## RECORD EXTRACTS
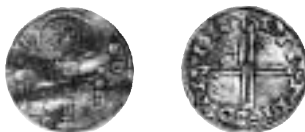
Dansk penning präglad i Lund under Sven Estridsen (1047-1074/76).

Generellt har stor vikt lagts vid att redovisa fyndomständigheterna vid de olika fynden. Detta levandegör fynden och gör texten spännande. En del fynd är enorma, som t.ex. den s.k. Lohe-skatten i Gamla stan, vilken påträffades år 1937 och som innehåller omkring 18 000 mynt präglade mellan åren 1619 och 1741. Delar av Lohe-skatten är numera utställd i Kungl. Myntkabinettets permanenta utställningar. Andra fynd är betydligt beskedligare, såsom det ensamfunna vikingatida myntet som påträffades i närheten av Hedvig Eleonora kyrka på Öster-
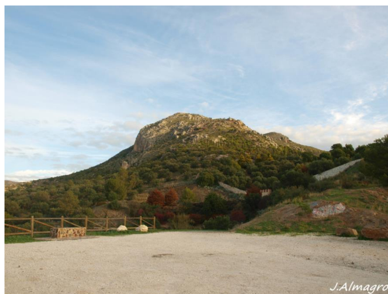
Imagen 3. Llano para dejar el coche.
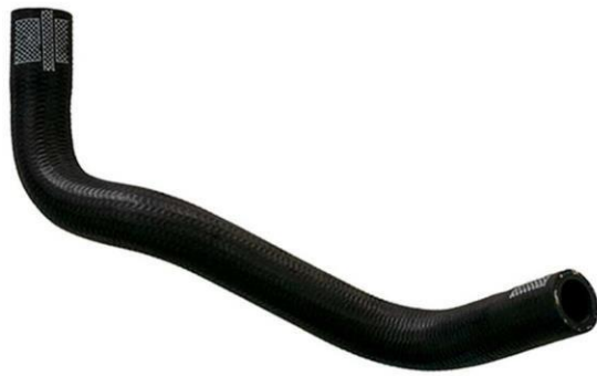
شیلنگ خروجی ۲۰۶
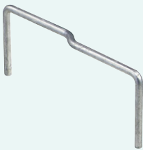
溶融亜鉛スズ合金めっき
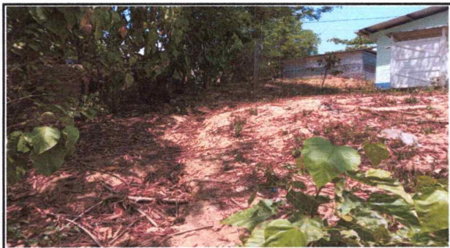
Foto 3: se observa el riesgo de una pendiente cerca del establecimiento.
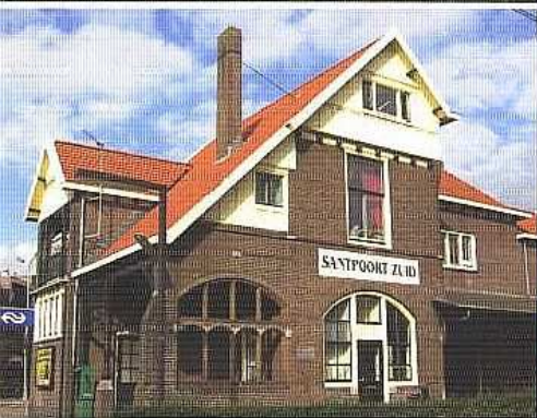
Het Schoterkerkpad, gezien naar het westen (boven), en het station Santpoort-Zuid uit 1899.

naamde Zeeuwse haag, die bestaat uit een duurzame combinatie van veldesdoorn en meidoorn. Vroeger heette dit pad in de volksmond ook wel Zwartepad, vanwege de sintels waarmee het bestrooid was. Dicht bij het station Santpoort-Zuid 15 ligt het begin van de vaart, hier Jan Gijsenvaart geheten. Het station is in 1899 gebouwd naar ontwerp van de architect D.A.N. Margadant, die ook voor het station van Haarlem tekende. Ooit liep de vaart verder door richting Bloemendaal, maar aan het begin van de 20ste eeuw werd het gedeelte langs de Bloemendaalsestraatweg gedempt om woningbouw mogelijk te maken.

---

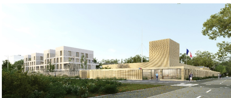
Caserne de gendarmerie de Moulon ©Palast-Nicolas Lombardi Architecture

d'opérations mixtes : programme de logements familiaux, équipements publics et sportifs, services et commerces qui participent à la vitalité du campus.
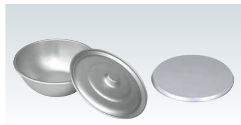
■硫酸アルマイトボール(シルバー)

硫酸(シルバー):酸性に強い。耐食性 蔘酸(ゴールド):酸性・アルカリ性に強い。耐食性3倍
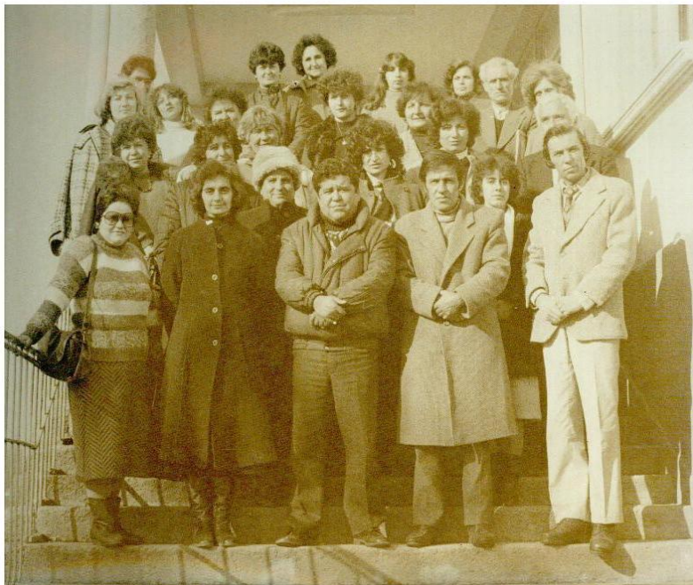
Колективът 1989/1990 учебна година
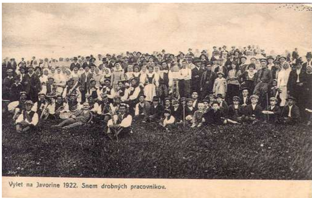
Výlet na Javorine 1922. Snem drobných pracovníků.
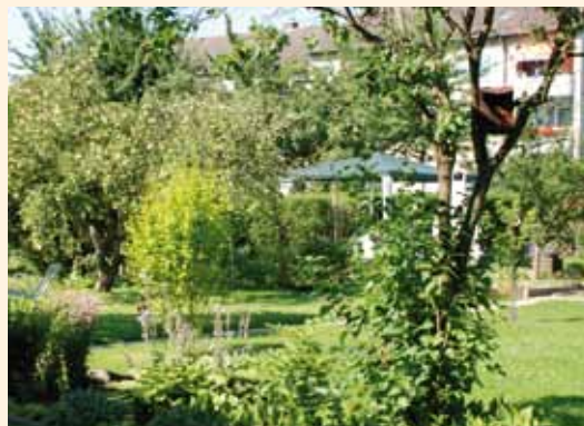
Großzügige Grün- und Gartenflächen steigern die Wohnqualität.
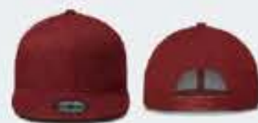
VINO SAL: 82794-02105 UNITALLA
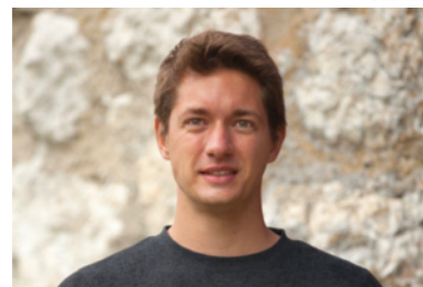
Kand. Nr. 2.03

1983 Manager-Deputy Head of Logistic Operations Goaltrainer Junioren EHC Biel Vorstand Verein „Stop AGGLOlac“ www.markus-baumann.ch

## REQUIRED WORK
Search the entries above for "シルバー". Return every line that has it.

## ANSWER BELOW
■硫酸アルマイトボール(シルバー)
硫酸(シルバー):酸性に強い。耐食性 蔘酸(ゴールド):酸性・アルカリ性に強い。耐食性3倍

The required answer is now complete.